Avdeef Alex
in-ADME Research, New York, NY 10128 USA.
ADMET DMPK. 2023 Aug 21;11(3):317-330. doi: 10.5599/admet.1879. eCollection 2023.
Yalkowsky's General Solubility Equation (GSE), with its three fixed constants, is popular and easy to apply, but is not very accurate for polar, zwitterionic, or flexible molecules. This review examines the findings of a series of studies, where we have sought to come up with a better prediction model, by comparing the performances of the GSE to Abraham's Solvation Equation (ABSOLV), and Random Forest regression (RFR) machine-learning (ML) method.

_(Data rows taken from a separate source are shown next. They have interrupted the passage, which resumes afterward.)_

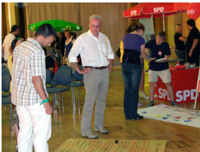
Bodenzeitung der Jusos beim Wählerforum in Oelsnitz

sche Forderung "Kita frei ab drei!" stieß auf breite Zustimmung im Publikum. Einhellige Meinung aller Beteiligten war, dass eine solche Veranstaltung in jedem Fall vor den nächsten Wahlen wiederholt werden soll.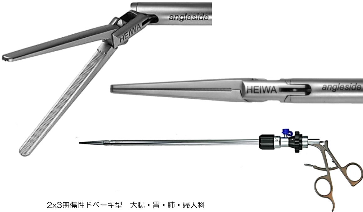
2x3無傷性ドベーキ型 大腸・胃・肺・婦人科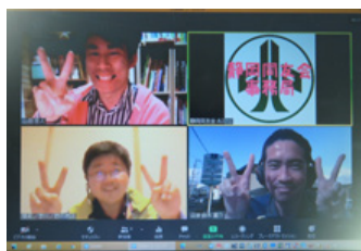
ZOOM参加の受講生・スタッフ

2日間で開催した本発表会には、受講生が経営指針書を冊子にして持参。1日目は受講生が社長の決意、経営理念、将来のビジョンを、指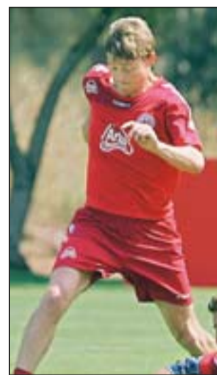
Jon Dahl Tomasson får rycka in som kapten när Thomas Helveg är borta.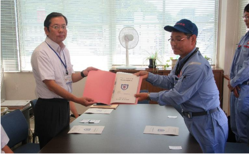
岡山県美作県民局建設部長への調査結果の報告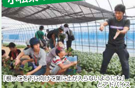
「根っこを下に向けて葉に土が入らないようにね」とアドバイス

「船橋ブランド」として小松菜を全国にアピールしている若手生産者「チームうぐいす」の皆さんに、お手本を見せてもらいながら収穫を体験。JAちば東葛西船地区経済センターでは、小松菜についての講義も受けました。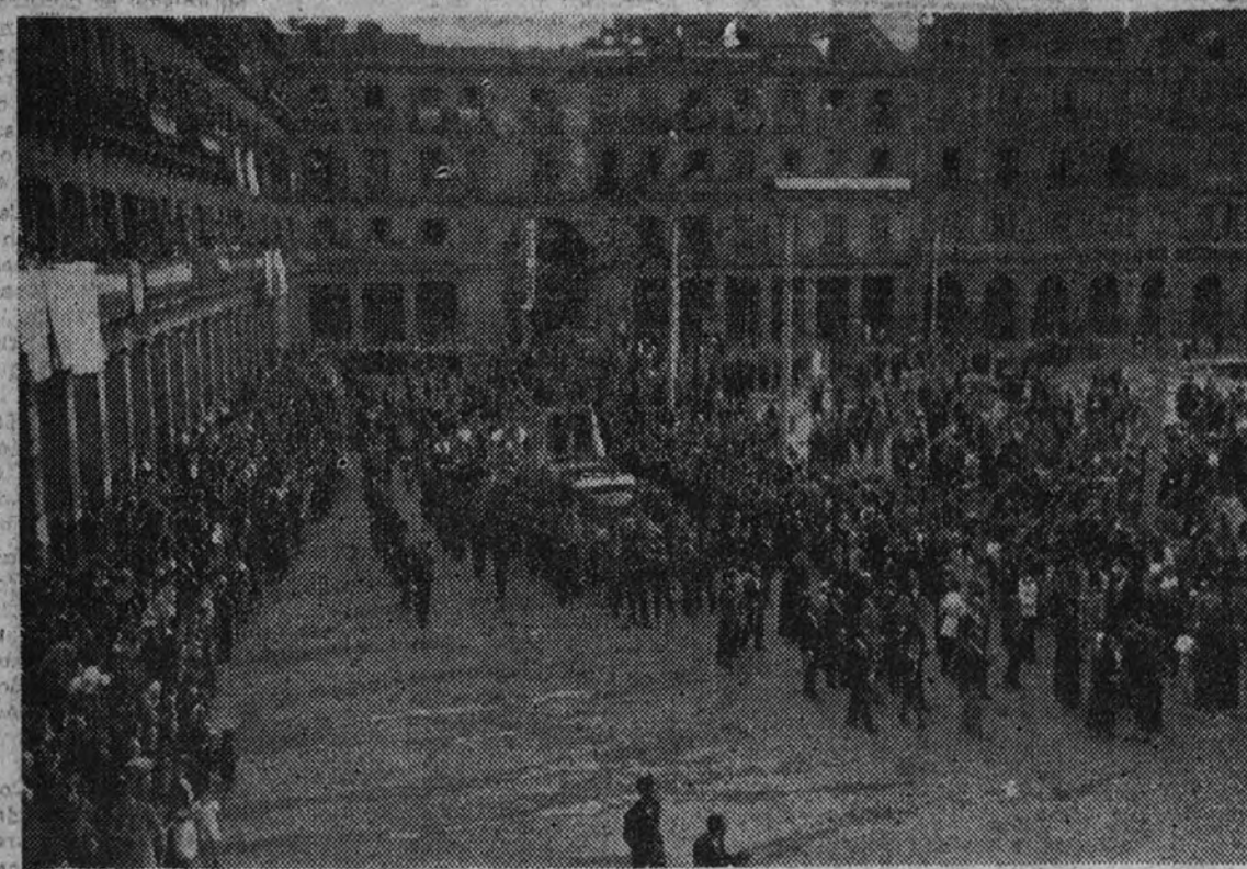
En medio del fervor popular ha sido trasladada a su iglesia la Virgen de la Paloma. La procesión a su paso por la plaza Mayor.

El pueblo renovó el domingo su fe en la santa Patrona y los barrios populares de la Latina se vistieron de gala para recibirla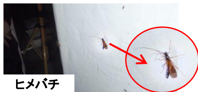
ヒメバチ VC前のライトトラップの状況

パイプの間にハープのような細い縦糸が沢山あるのに、(コウモリは通過できると思い)通過しようとするが、以外にも幅が狭くキャッチされ、下のポケットに落下し捕獲される。ポケット内は滑るので脱出は難しい。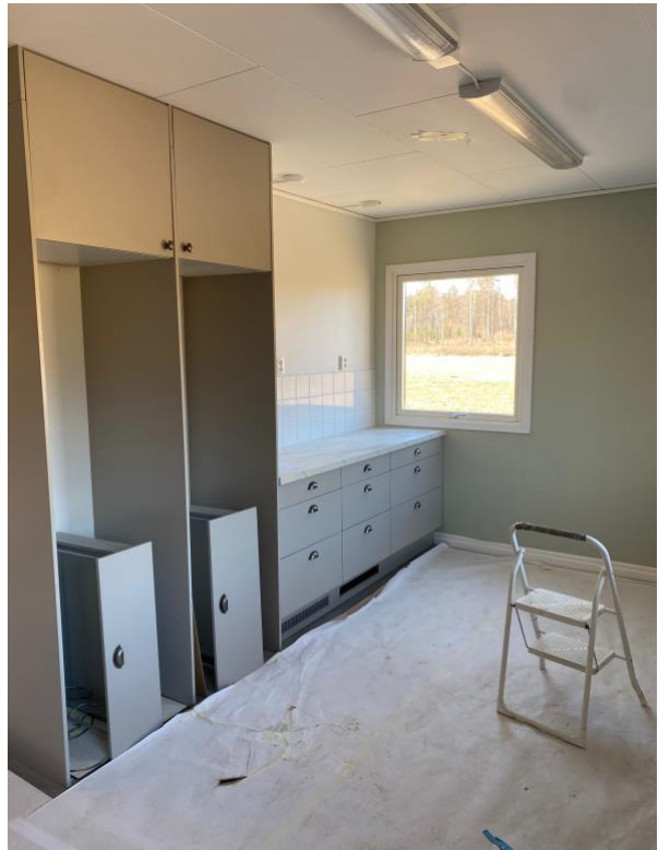
Köket väntar på vitvaror. 2024-03-07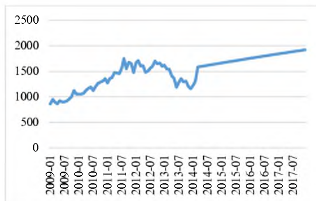
1-р зураг. Алтны үнийн таамаглал, ам доллар.унц, 2009.01-2017-12

Ингээд алтны үнийг бусад валютын ханшаас хамааруулан ирэх 4 жилээр таамаглахад дараах байдалтай байна.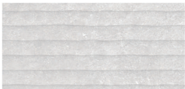
Breeze Torino Ivory 30 x 60 CM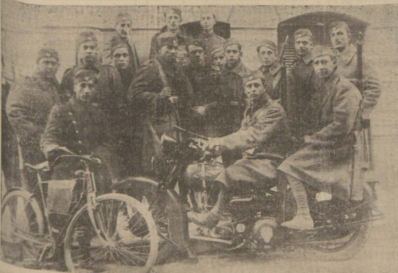
Asilerin Azirine gönderilen askerlerden bir bisikletli piyade müfrezesi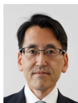
林野庁長官 青山豊久-Toyohisa Aoyama-

梶原町における、全国初の棚田オーナー制度の創設(1992年・平成4)に力を発揮していただくなど、梶原とゆかりの深い方。令和5年7月に林野庁長官に就任。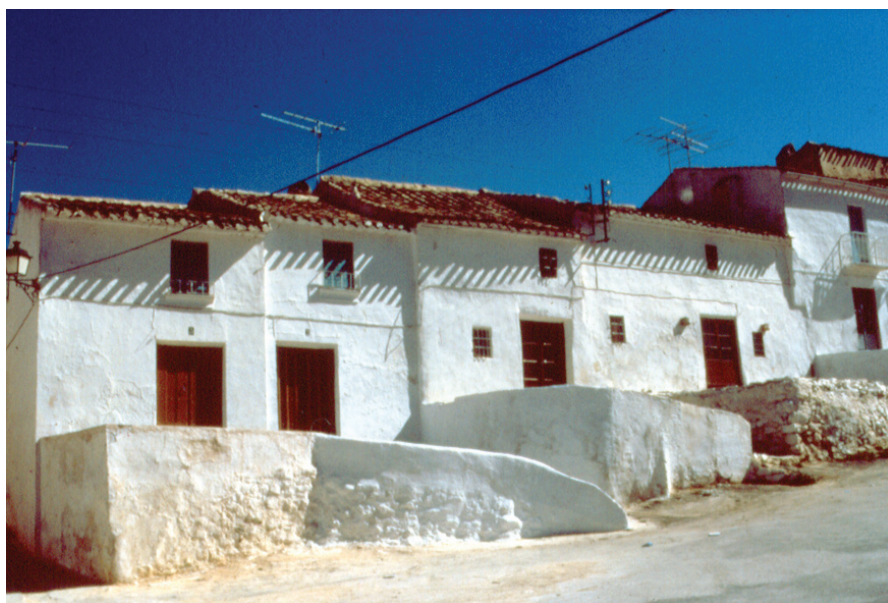
La arquitectura popular tiene sus raíces en su condición preindustrial y su lenta gestación. Estos factores son los que dan esa sensación de permanencia, inmutabilidad e intemporalidad.

Habría que empezar a pensar en la arquitectura popular, no como un amplio patrimonio, sino como un bien escaso que es producto de nuestro pasado. Esas construcciones tradicionales han dejado ya de producirse debido a la desaparición de la economía y cultura que las generó. Las condiciones han cambiado: los profundos cambios habidos en nuestra historia económica y social reciente han dejado, de un año para otro, obsoletas buena parte de las tipologías tradicionales de vivienda; los técnicos y constructores que ahora ejecutan las casas no van a vivir en ellas y sus futuros habitantes tienen unas referen-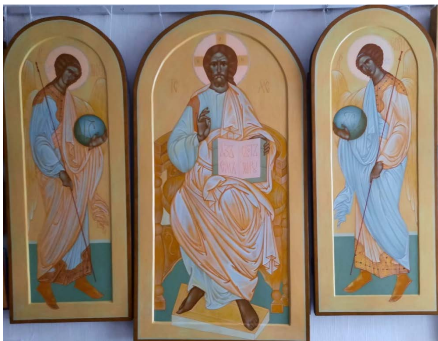
Рис. 19. Триптих. Иисус Христос с предстоящими (75×140, липа, левкасный грунт, стёртая на яйце темпера, золото, копаловый лак с воском). Авт. М. Никольский

Проблемы современного иконописания обсуждаются на ежегодной международной конференции «Поленовские чтения», где есть отдельная секция иконописи.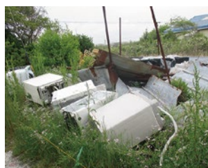
不法投棄された洗濯機

津市では不法投棄者が判明した場合、投棄者自身で処理するよう指導していますが、投棄者が不明の場合は土地の所有者(管理者)が自らの責任でごみを処理しなければなりません。土地の所有者(管理者)の皆さんは、不法投棄されにくい環境をつくるため、右記のような方法で自己防衛をしましょう。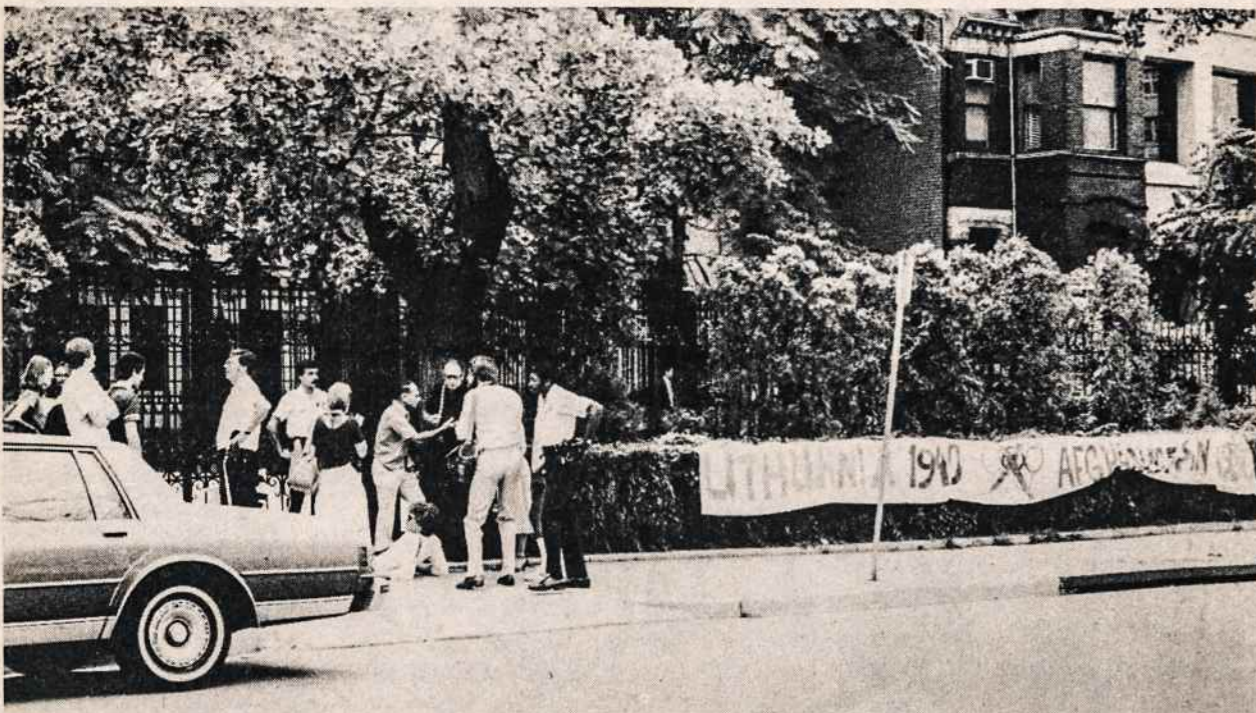
Demonstruojant liepos 19 prie sovietų ambasados Washingtone — dalis prisirakinsiu demonstrantų prie vartų ir plakatas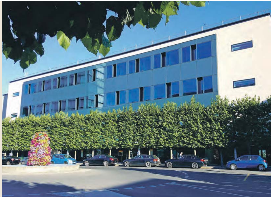
Das richtige Produkt zur rechten Zeit: Bei kleinen Entwicklungen wie Neuenburg ist das die grosse Herausforderung.

Seit Ende September 2016 erstrahlt die Liegenschaft Neuchâtel 2 Gare in neuem Glanz. Post Immobilien hat das Gebäude aus dem Jahr 1962 (letztmals renoviert 1980) für knapp 9 Millionen Franken umfassend saniert. Eine neue Gebäudehülle, die dem Minergiestandard entspricht, der Ersatz der bestehenden Heizung und die komplette Sanierung der sanitären Anlagen ermöglichen die Einsparung von über zwei Drittel der CO 2 -Emissionen (65 Tonnen jährlich). Zudem wurde auf dem Dach eine Fotovoltaikanlage installiert, die ab März 2017 Strom für die Versorgung von 17 Haushalten produzieren wird. Alle Flächen wurden vor Ende der zweijährigen Umbauzeit vermietet, und der Anteil Drittmietler konnte erhöht werden. Durch den Umbau werden rund 200 000 Franken Mehrmiete jährlich generiert, und der Wert der Liegenschaft hat sich fast verdoppelt.

Large, well-curated aqueous intrinsic solubility databases are available. However, drugs may be sparsely distributed in chemical space, concentrated in clusters. Even a large database might overlook some regions. Test compounds from under-represented portions of space may be poorly predicted, as might be the case with the 'loose' set of 32 drugs in the Second Solubility Challenge (2020). There appears to be still a need for better coverage of drug space. Increasingly, current trends in predictions of solubility use calculated input descriptors, which may be an advantage for exploring properties of molecules yet to be synthesized. The risk may be that overall prediction approaches might be based on accumulated uncertainty. The increasing use of ML/AI methods can lead to accurate predictions, but such predictions may not readily suggest the strategies to pursue in selecting yet-to-be-synthesized compounds. Based on our latest findings, we recommend predictions based on both 'grouped' ABSOLV(GRP) and 'Flexible Acceptor' GSE(,) models with the provided best-fit parameters, where is the Kier molecular flexibility index and is the Abraham H-bond acceptor strength. For molecules with < 11, the prudent choice is to pick the Consensus Model, the average of ABSOLV(GRP) and GSE(Φ,B). For more flexible molecules, GSE(Φ,B) is recommended.
亚尔科夫斯基通用溶解度方程(GSE)有三个固定常数,它很受欢迎且易于应用,但对于极性、两性离子或柔性分子来说不是很准确。本综述考察了一系列研究的结果,在这些研究中,我们试图通过比较GSE与亚伯拉罕溶剂化方程(ABSOLV)以及随机森林回归(RFR)机器学习(ML)方法的性能,得出一个更好的预测模型。有大量精心整理的水溶性固有溶解度数据库。然而,药物在化学空间中可能分布稀疏,集中在簇中。即使是一个大型数据库也可能忽略一些区域。来自空间代表性不足部分的测试化合物可能预测效果不佳,就像第二次溶解度挑战(2020年)中32种药物的“宽松”集合那样。似乎仍然需要更好地覆盖药物空间。目前,溶解度预测的趋势越来越多地使用计算得到的输入描述符,这对于探索尚未合成的分子的性质可能是一个优势。风险可能在于整体预测方法可能基于累积的不确定性。ML/AI方法的使用越来越多可以带来准确的预测,但这样的预测可能不容易暗示在选择尚未合成的化合物时应采取的策略。基于我们的最新发现,我们建议基于“分组”的ABSOLV(GRP)和“柔性受体”GSE(,)模型进行预测,并使用提供的最佳拟合参数,其中是基尔分子柔性指数,是亚伯拉罕氢键受体强度。对于<11的分子,谨慎的选择是采用共识模型,即ABSOLV(GRP)和GSE(Φ,B)的平均值。对于更柔性的分子,建议使用GSE(Φ,B)。